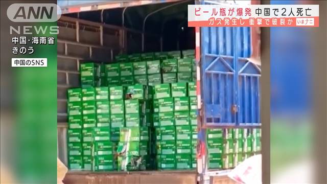 中国メディアによりますと、海南省で20日、作業員らがトラックの荷台からビール瓶のケースを降ろそうとしたところ突然、爆発が起きました。
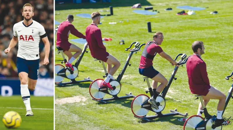 لاعبو وستهام يتبعون القواعد الصحية خلال التدريب قبل استئناف الدوري (غيتي) - هاري كين نجم توتنهام استفاد من فترة التوقف للتعافي من الإصابة (أ.ف.ب)
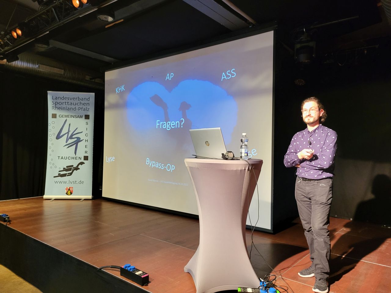 Nahe beim Thema Tauchunfall war der Vortrag von David Männle (HNO-Arzt und TL2 im TC Heidelberg), der die Frage der Tauchfähigkeit bei verschiedenen chronischen Erkrankungen vorstellte. Dabei wählte er in seinen Ausführungen durchaus pragmatische Ansätze und vermied auch nicht, klare Positionierungen zu tätigen: „Wenn ich vor dem Tauchen rauche, dann ist das Modell, das ich tauche, egal; meine Deko wird immer beschissen sein!“ Im Kern ging es um Herz- Kreislauf-Erkrankungen, Tauchen nach Corona, Tauchen mit Diabetes oder z.B., wenn ich an entzündlichen Erkrankungen leide (Rheuma, Bandscheibe usw.).

Task description -> Each line from the first line of the material above through the line containing "لاعبو وستهام يتبعون" is to be reproduced exactly, with both ends kept and pictures left out.

Reply to the exercise ->
 中国メディアによりますと、海南省で20日、作業員らがトラックの荷台からビール瓶のケースを降ろそうとしたところ突然、爆発が起きました。
 لاعبو وستهام يتبعون القواعد الصحية خلال التدريب قبل استئناف الدوري (غيتي) - هاري كين نجم توتنهام استفاد من فترة التوقف للتعافي من الإصابة (أ.ف.ب)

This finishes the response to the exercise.